Domenica 20 marzo
III DOMENICA DI QUARESIMA – ANNO C
Lc 13,1-9

Foto di Sanej Prasad Suwal da Pexels

Oggi viviamo insieme la terza tappa del cammino quaresimale, con un vangelo che ci interpella sempre: che senso ha il male nel mondo? Che risposta ha Dio di fronte alla sofferenza? Classica domanda che i bambini, e ciascuno di noi “bambino” si fa davanti a Dio, in preghiera, quando davanti a noi si presentano immagini di sofferenza.
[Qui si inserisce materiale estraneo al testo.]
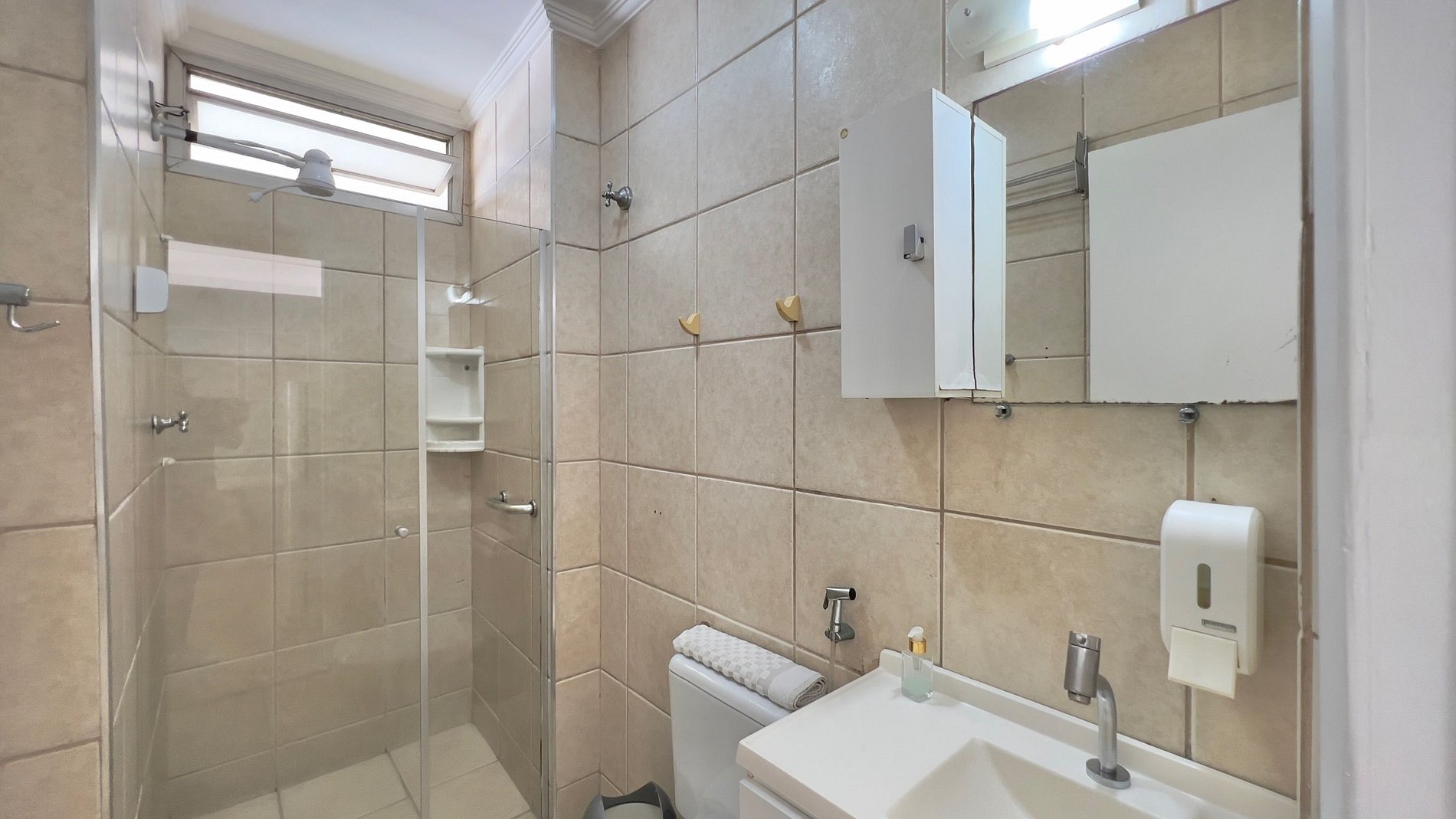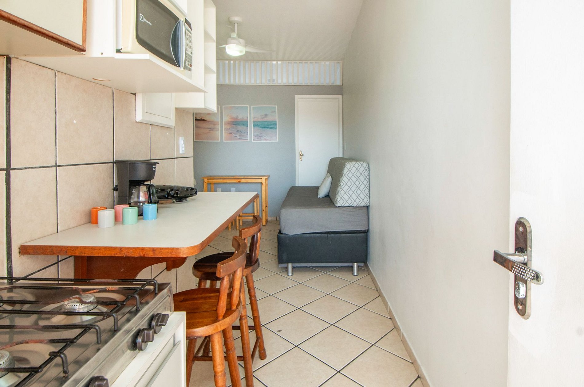 A localização é realmente muito boa e de fácil acesso a praia, mercado, farmacia e restaurantes de Guarujá. A cozinha está completa, possibilidade de cozinhar tranquilamente. A limpeza também está em dia.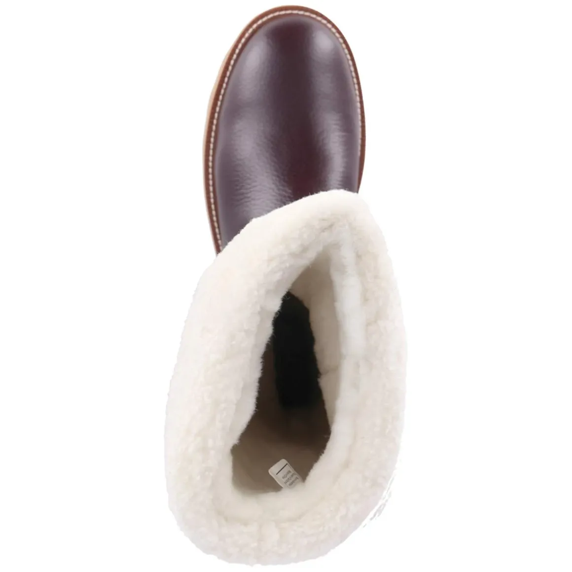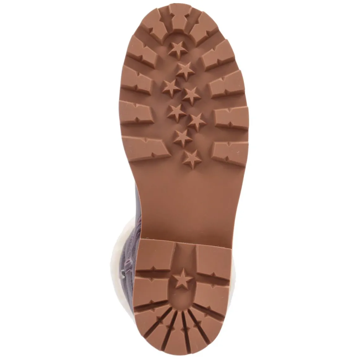 Der Australia Luxe Winterstiefel TITAN verbindet luxuriöse Ästhetik mit verlässlicher Funktion. Robustes Echtleder in sattem Lila und die runde Spitze verleihen dem hohen Schaft eine zeitlose Silhouette. Innen sorgt warmes Lammfellfutter für wohlige Isolation, während die textile, wärmende Decksohle mit Fersenpolster sanft abfedert. Ein praktischer Reißverschluss erleichtert den Einstieg, zusätzlich angenehm durch den gepolsterten Abschluss in Teddyoptik. Die rutschfeste Profilsohle sichert Halt auf glatten Wegen, die verstärkte Ferse trägt ein edles Metall-Label. Mit einer Schafthöhe von ca. 43 cm und einem Umfang von ca. 34 cm fällt das Modell normal aus und bietet verlässlichen Komfort an kalten Tagen. Modetipp: Das kräftige Lila setzt zu cremefarbenen Strickkleidern und Oversize-Wollmänteln elegante Akzente; Accessoires in Cognac und silberne Schmuckdetails vollenden den Look.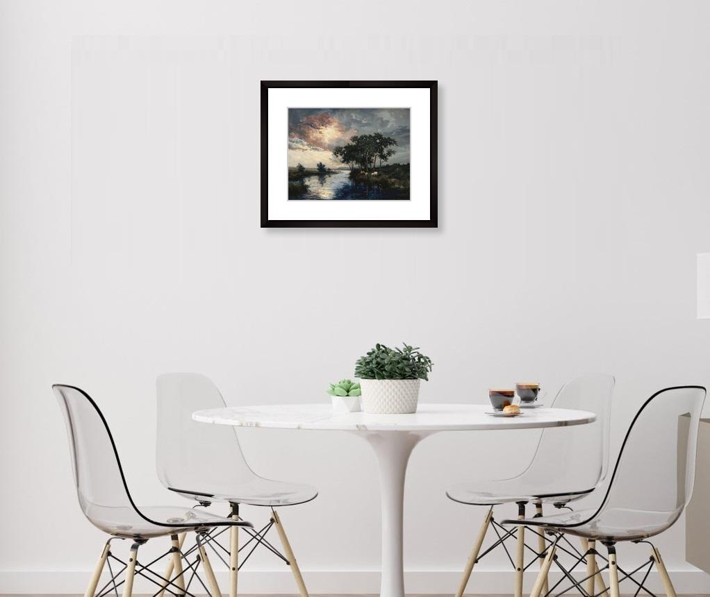 The river’s surface lies undisturbed, reflecting the world above. A simple, calming piece that brings peace to any space.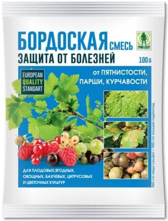 В упаковке содержится пакет с медным купаросом (100гр), и пакет с гашеной известью (200гр.), предназначенные для изготовления бордовской жидкости (фунгицида), которая применяется для борьбы с болезнями растений. Применяется для борьбы с заболеваниями (фитофтороз, коккомикоз, ржавчина, парша, курчавость и т.д.) на различных растениях.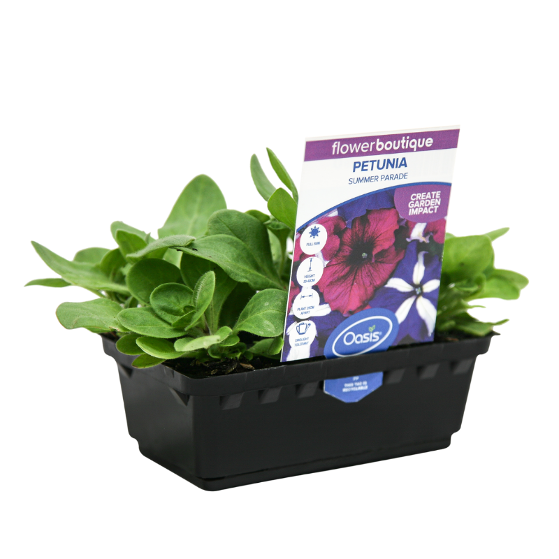 Petunia 'Summer Parade' is a funky blend of rich dark blue and burgundy petunias, some featuring dizzy star-stripes. The large flowers are held aloft on compact plants of very uniform habit. Petunias are hardy summer annuals that are easy to grow, requiring little water once established. Protect from snails.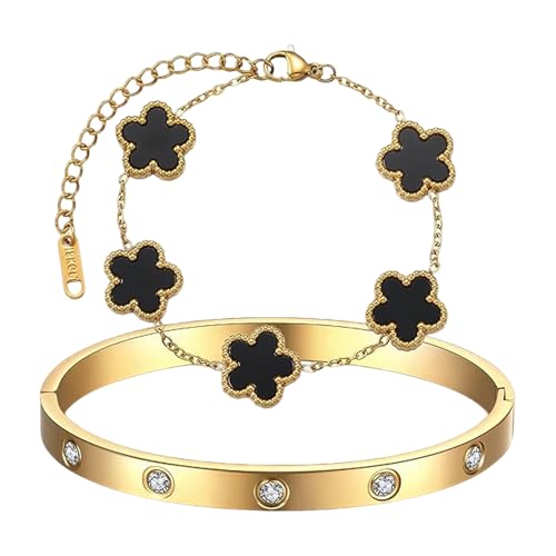 TenaLucy 2 Pièces Bracelet Trèfle À Cinq Feuilles,Ensemble de Bijoux Trèfle À Quatr, Feuilles bracelet trefle 4 feuilles Femme Bracelet Personnalisé pour Femme Apporte Plus de Chance (Noir + Or)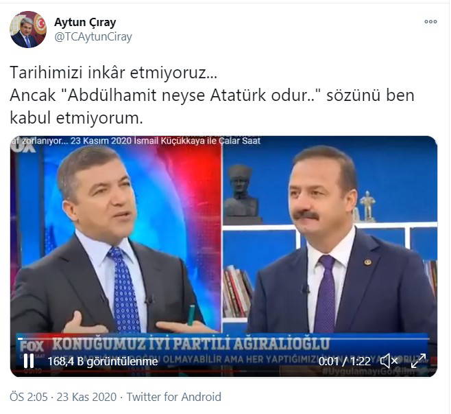 İYİ Parti İstanbul Milletvekili Yavuz Ağıralioğlu FOX Tv’de İsmail Küçükkaya ile Çalar Saat programının konuğu oldu. Küçükkaya’nın sorularını yanıtlayan Ağıralioğlu, Küçükkaya’nın Atatürk’le ilgili bir sorusuna “Abdülhamit neyse Atatürk odur..” yanıtını verdi.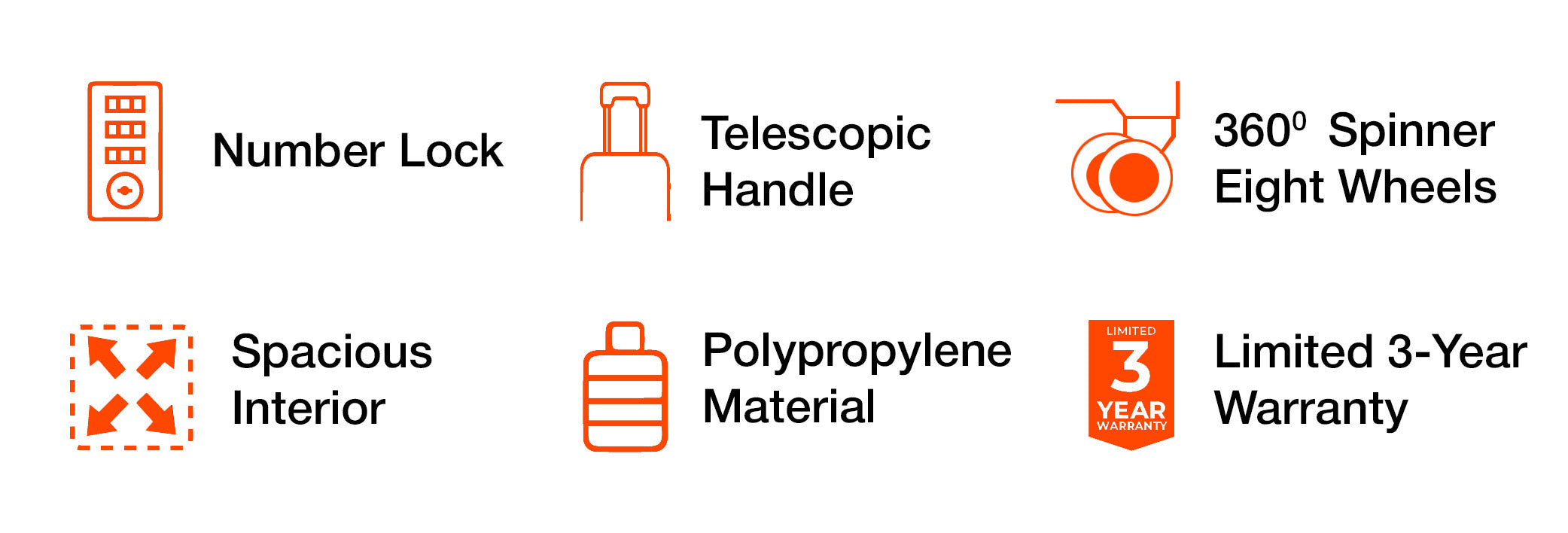 Effortless Maneuverability: The suitcases comes with eight silent spinner wheels that rotate 360-degree for easy maneuverability. The multi-directional design evenly distributes weight, providing unparalleled mobility & glide through airports, train stations and hotel lobbies with ease. Features easy-grab handle on the top.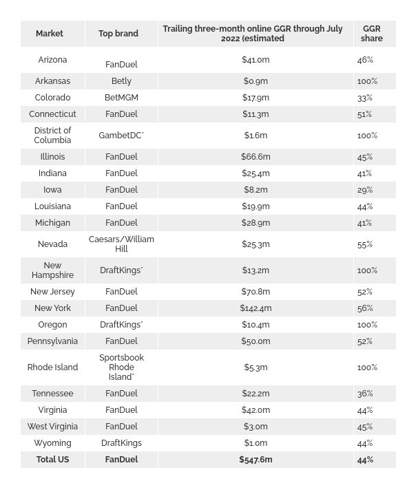 In the table, we show our proprietary estimates of US online sports betting gross gaming revenue (GGR) on a by-brand, by-state basis in the three-month period through July 2022.FanDuel continues winning the biggest markets, which is helping it to win the national market. Indeed, the Flutter-owned brand currently has 44% national GGR share, according to our tracking. New York, where FanDuel captured an eye-catching 56% OSB GGR share during the May-July period, is currently the brand’s largest single market — and by some distance.
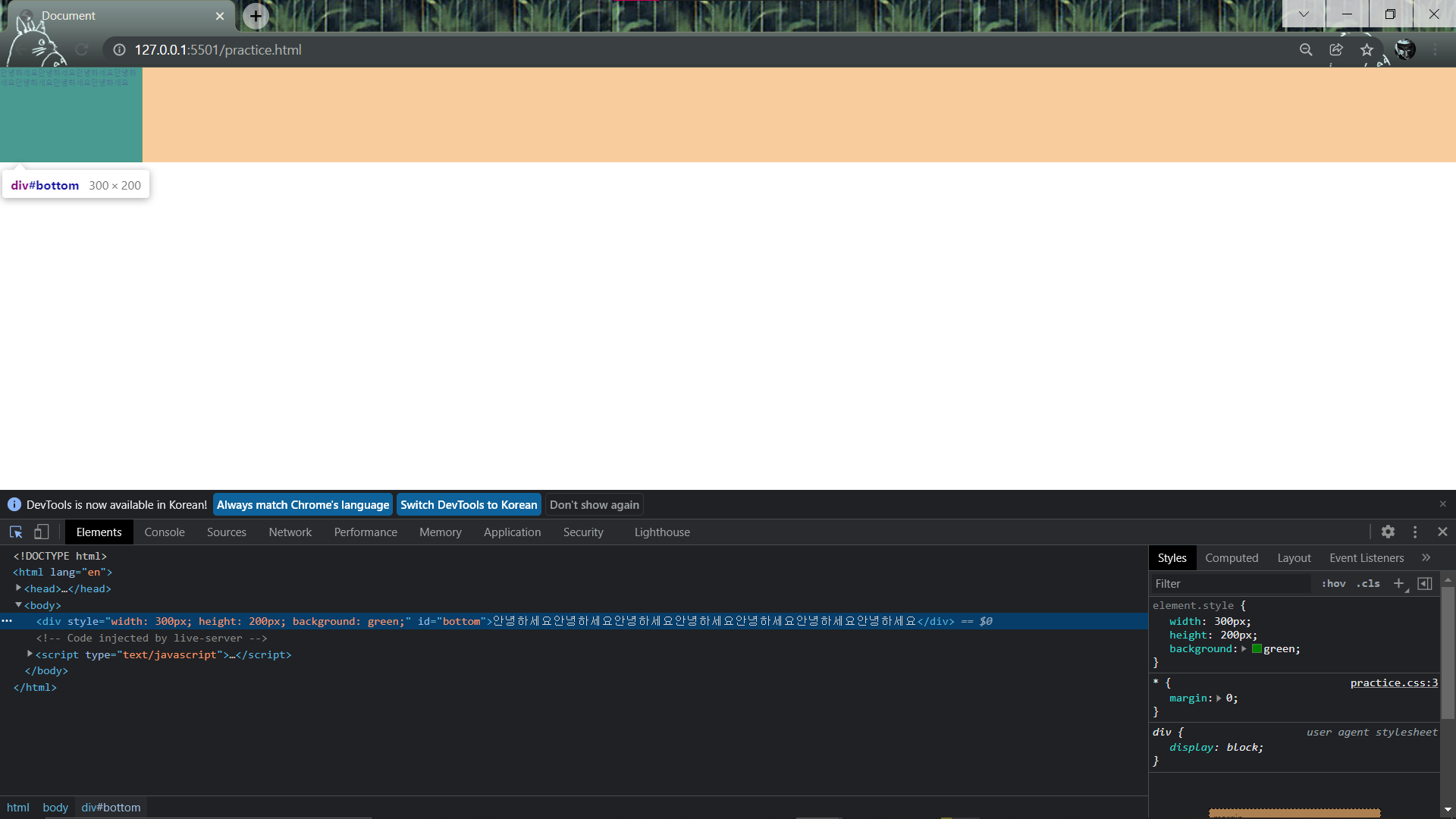<div style="width: 300px; height: 200px; background: green;" id="bottom">안녕하세요안녕하세요안녕하세요안녕하세요안녕하세요안녕하세요안녕하세요</div>

Gesù, in tutta la sua predicazione, ci mostra una strada, e sta a noi percorrerla e vivere la conversione, con la certezza che lui ha sempre misericordia di noi e ci aspetta.

Siamo nel capitolo 13 di Luca, subito dopo aver visto in Gesù il desiderio di spirito e fuoco, per dare risposta al male nel mondo, acqua e morte, di cui prova angoscia. Gesù ha appena mostrato tutta la sua umanità. Quel male che entra nella vita di ciascuno di noi, nella nostra quotidianità, nelle nostre famiglie, nelle nostre società, con tutta la creazione, con le generazioni passate e future, con Dio. Quanto abbiamo bisogno di una “ecologia integrale”, proprio integrale, in tutte le direzioni! Anche a Gesù è stata posta questa domanda, proprio dopo che lui stesso ha mostrato la sua angoscia per il male del mondo.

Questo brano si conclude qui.